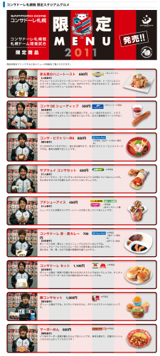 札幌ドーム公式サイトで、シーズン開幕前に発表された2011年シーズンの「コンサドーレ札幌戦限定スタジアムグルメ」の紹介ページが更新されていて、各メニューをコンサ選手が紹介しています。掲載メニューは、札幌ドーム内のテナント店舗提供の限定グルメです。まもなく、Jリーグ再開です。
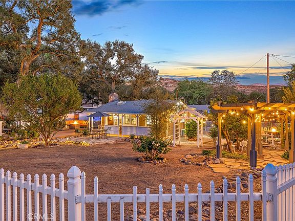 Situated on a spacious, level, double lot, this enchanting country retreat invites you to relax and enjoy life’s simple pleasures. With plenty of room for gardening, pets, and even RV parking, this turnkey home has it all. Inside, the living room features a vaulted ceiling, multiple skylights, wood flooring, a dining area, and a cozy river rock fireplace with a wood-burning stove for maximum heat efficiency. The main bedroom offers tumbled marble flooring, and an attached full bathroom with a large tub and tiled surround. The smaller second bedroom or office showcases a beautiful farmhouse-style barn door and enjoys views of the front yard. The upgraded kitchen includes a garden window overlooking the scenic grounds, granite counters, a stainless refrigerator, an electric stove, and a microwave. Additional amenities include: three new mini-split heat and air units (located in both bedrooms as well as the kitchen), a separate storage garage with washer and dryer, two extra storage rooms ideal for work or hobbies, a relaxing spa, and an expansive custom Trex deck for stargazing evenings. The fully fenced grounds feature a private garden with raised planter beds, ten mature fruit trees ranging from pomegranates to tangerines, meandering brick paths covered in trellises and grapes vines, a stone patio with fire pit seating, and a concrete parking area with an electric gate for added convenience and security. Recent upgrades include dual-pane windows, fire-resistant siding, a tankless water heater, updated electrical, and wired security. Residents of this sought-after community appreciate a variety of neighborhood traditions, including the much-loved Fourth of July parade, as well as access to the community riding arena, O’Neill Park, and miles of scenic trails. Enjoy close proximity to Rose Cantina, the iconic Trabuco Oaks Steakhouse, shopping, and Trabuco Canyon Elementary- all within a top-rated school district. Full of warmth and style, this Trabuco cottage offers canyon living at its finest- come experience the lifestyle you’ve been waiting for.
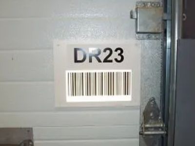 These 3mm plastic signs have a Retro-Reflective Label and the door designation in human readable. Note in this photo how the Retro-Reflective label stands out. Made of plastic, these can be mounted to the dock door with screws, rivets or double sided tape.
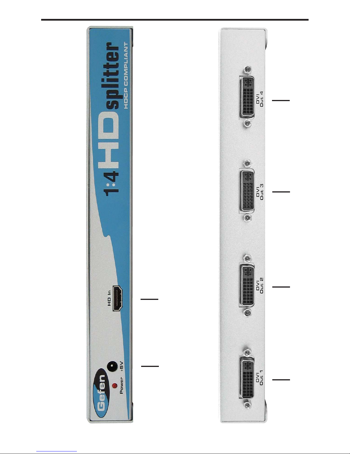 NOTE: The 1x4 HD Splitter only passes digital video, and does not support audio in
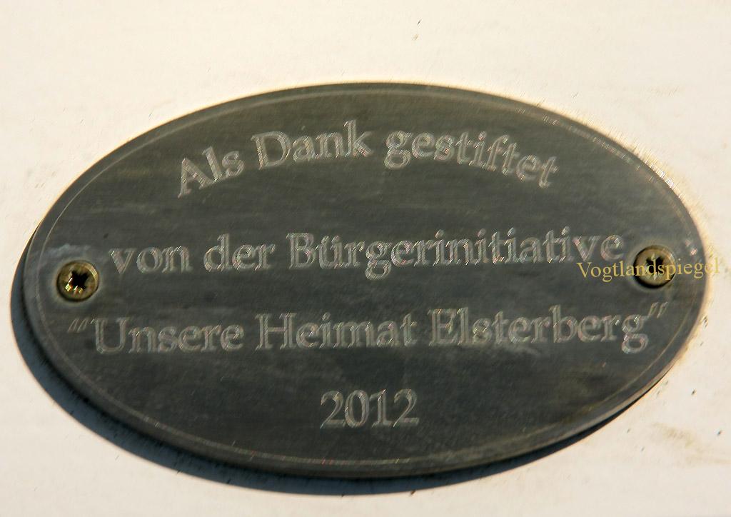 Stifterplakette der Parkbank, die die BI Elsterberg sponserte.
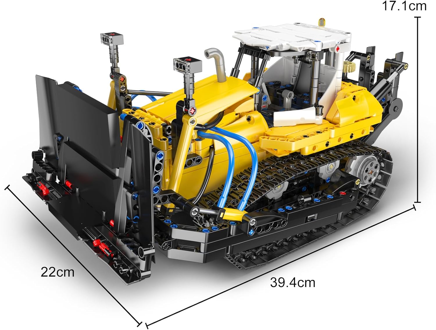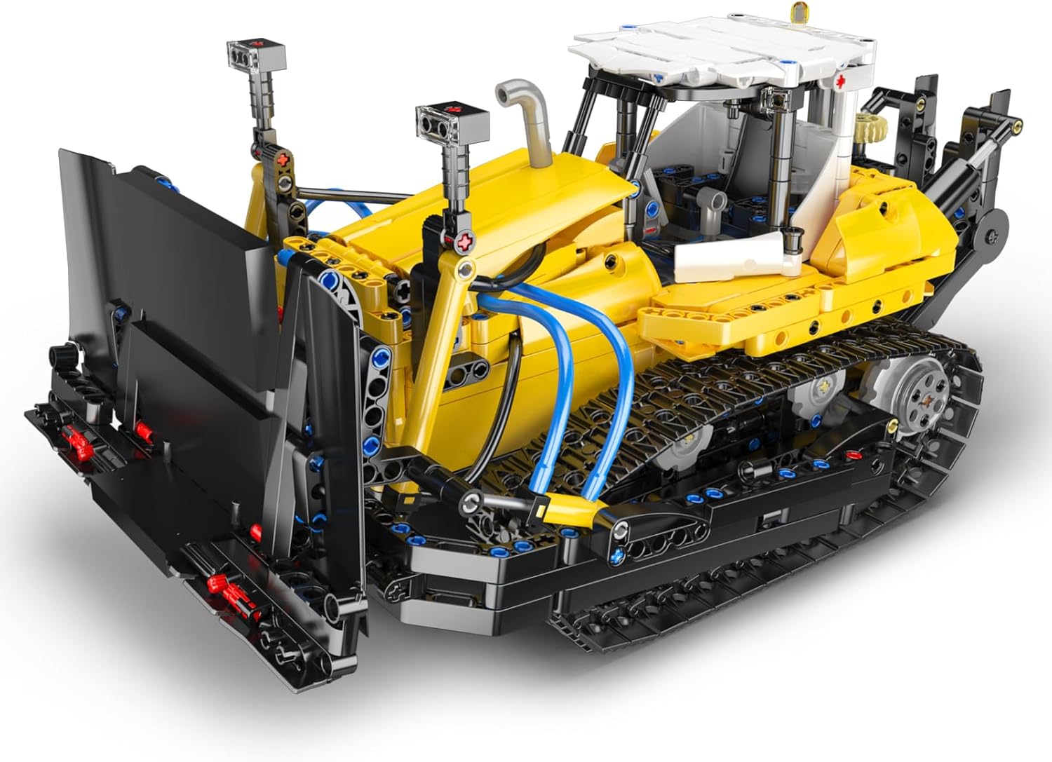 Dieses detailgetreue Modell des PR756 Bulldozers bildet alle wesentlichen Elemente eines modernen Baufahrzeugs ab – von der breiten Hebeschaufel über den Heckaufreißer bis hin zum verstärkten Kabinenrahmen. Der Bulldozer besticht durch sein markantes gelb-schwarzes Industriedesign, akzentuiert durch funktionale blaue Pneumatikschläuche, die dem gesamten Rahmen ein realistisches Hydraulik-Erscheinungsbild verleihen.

........

What you need to copy is the run of lines from the one holding "NOTE: The 1x4" through the end of the data, exactly and only, both ends included, pictures omitted.

 NOTE: The 1x4 HD Splitter only passes digital video, and does not support audio in
 Stifterplakette der Parkbank, die die BI Elsterberg sponserte.
 Dieses detailgetreue Modell des PR756 Bulldozers bildet alle wesentlichen Elemente eines modernen Baufahrzeugs ab – von der breiten Hebeschaufel über den Heckaufreißer bis hin zum verstärkten Kabinenrahmen. Der Bulldozer besticht durch sein markantes gelb-schwarzes Industriedesign, akzentuiert durch funktionale blaue Pneumatikschläuche, die dem gesamten Rahmen ein realistisches Hydraulik-Erscheinungsbild verleihen.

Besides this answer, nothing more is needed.